PROBLEM DETAILS = Repeat only the lines below that run from the line with "Water lubricated Cutlass" to the line with "Selam arkadaşlar, haftada", ends included; skip every picture.

EXERCISE INPUTS =
● ● ● ● ●

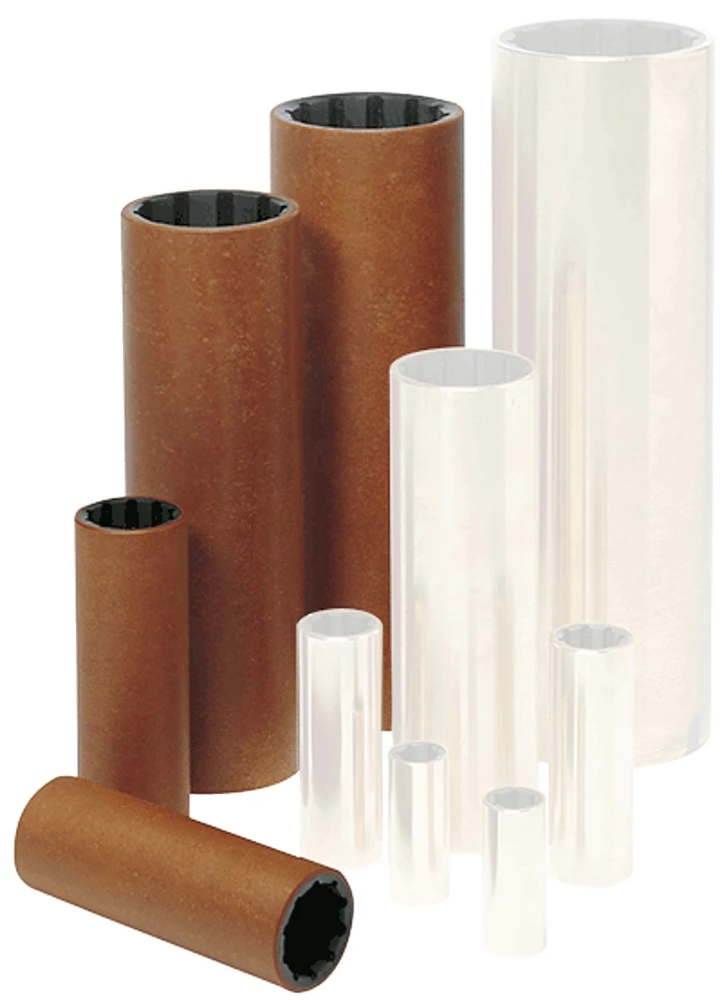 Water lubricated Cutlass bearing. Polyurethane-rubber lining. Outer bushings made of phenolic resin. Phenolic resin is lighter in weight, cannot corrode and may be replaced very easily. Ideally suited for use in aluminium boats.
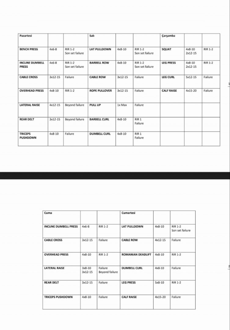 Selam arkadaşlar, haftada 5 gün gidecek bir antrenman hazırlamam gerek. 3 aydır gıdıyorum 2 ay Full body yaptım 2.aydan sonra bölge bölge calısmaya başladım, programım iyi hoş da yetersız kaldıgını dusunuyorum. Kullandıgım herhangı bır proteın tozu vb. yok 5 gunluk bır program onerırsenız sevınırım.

● ● ● ● ●

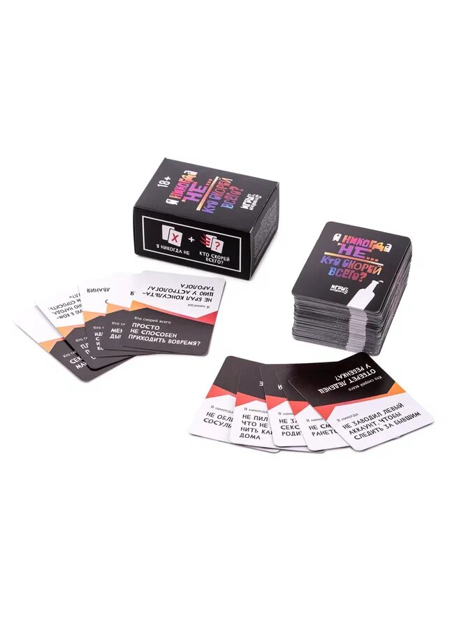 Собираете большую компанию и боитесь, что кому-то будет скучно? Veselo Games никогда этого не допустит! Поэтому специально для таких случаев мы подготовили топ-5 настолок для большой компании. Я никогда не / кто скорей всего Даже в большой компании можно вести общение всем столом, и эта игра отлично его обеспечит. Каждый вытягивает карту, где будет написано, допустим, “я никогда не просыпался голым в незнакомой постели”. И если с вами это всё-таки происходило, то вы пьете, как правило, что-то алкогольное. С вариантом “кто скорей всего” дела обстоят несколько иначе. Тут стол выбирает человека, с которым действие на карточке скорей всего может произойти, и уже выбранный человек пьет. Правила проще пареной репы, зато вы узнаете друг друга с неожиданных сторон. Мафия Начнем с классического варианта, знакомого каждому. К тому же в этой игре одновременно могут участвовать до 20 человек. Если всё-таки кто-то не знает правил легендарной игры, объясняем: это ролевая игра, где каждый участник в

● ● ● ● ●

ANSWER SECTION =
 Water lubricated Cutlass bearing. Polyurethane-rubber lining. Outer bushings made of phenolic resin. Phenolic resin is lighter in weight, cannot corrode and may be replaced very easily. Ideally suited for use in aluminium boats.
 Selam arkadaşlar, haftada 5 gün gidecek bir antrenman hazırlamam gerek. 3 aydır gıdıyorum 2 ay Full body yaptım 2.aydan sonra bölge bölge calısmaya başladım, programım iyi hoş da yetersız kaldıgını dusunuyorum. Kullandıgım herhangı bır proteın tozu vb. yok 5 gunluk bır program onerırsenız sevınırım.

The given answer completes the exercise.